Data shown —
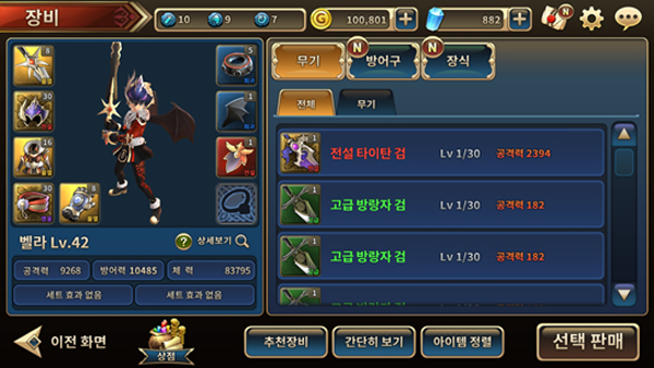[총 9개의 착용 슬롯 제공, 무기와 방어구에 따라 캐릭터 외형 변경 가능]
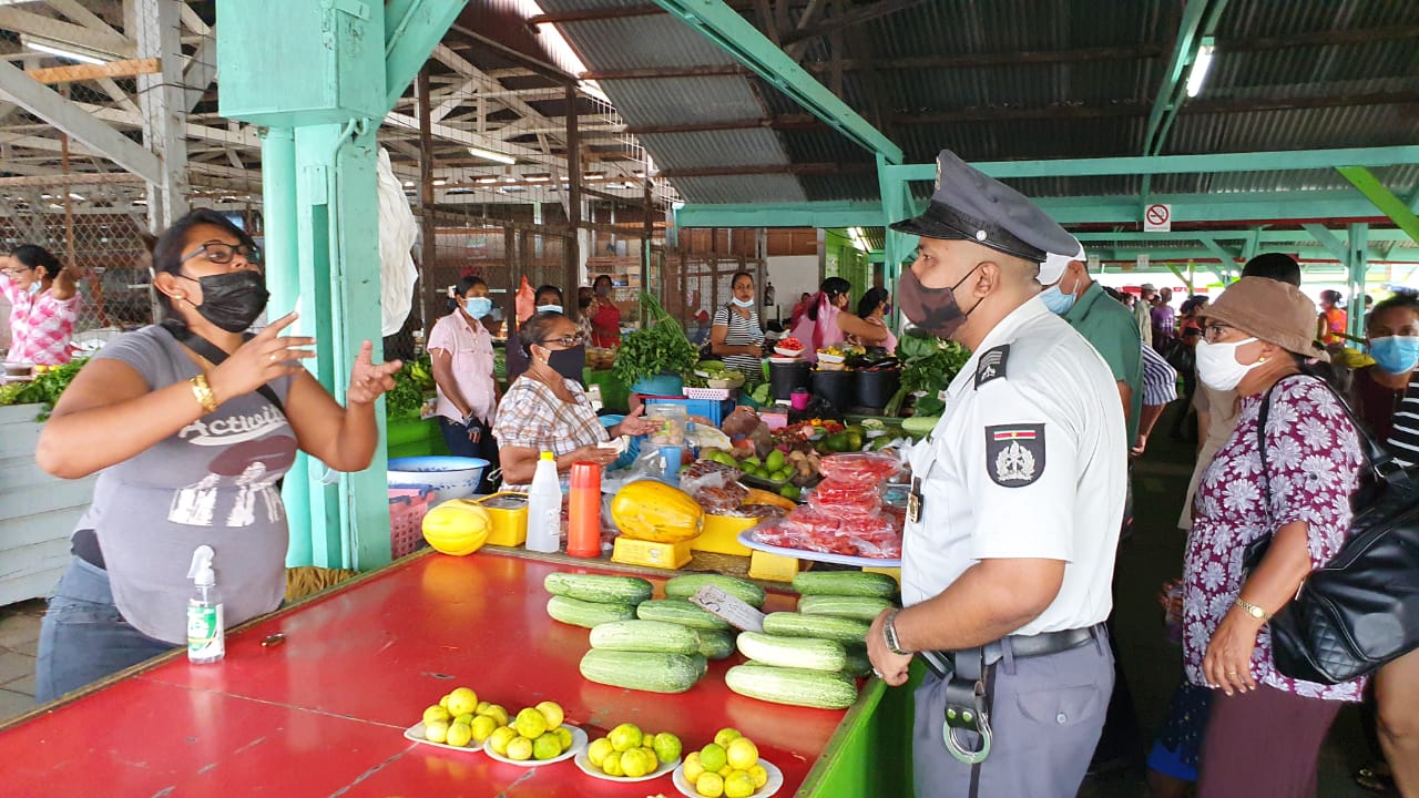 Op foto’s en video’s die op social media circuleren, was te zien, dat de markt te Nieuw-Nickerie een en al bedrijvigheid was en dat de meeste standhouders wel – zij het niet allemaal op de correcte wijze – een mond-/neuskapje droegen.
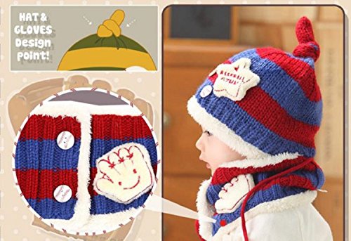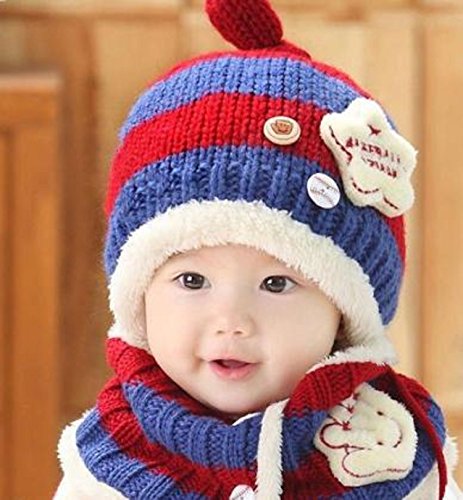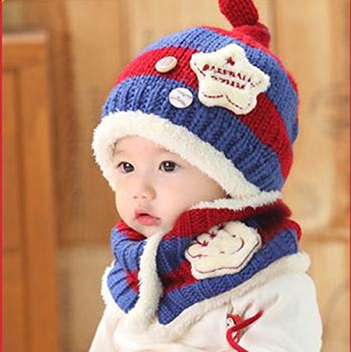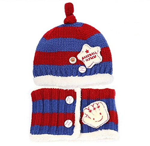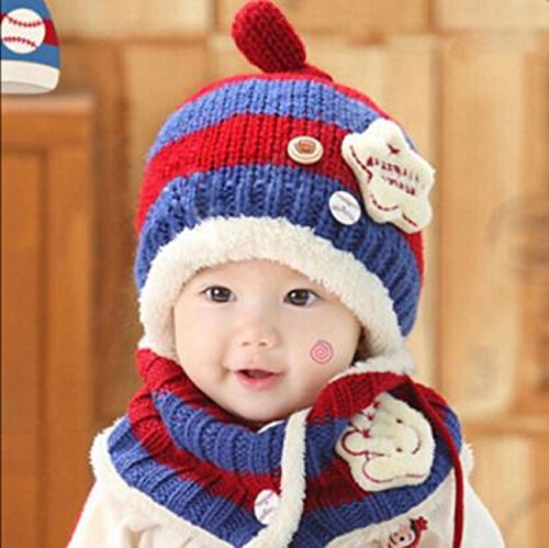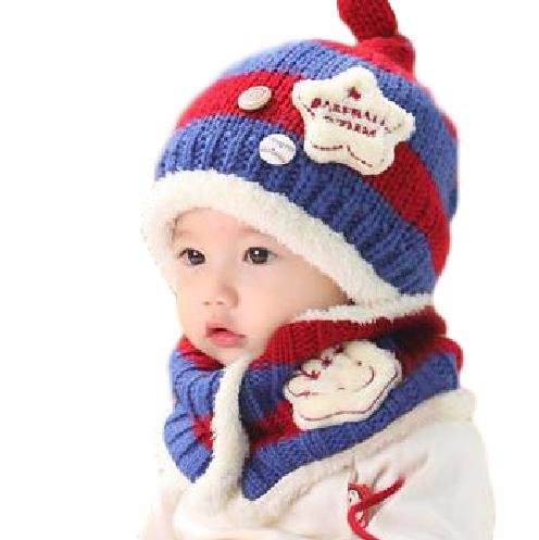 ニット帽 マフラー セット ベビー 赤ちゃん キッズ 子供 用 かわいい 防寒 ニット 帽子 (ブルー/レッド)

--

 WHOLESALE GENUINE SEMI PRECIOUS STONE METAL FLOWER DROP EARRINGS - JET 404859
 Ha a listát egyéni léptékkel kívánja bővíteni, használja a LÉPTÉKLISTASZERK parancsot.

Work to be completed — Take from the material above the lines running from the one with "WHOLESALE GENUINE SEMI" through the one with "Ha a listát", and repeat them exactly, with nothing else.

Expected output —
 WHOLESALE GENUINE SEMI PRECIOUS STONE METAL FLOWER DROP EARRINGS - JET 404859
 Ha a listát egyéni léptékkel kívánja bővíteni, használja a LÉPTÉKLISTASZERK parancsot.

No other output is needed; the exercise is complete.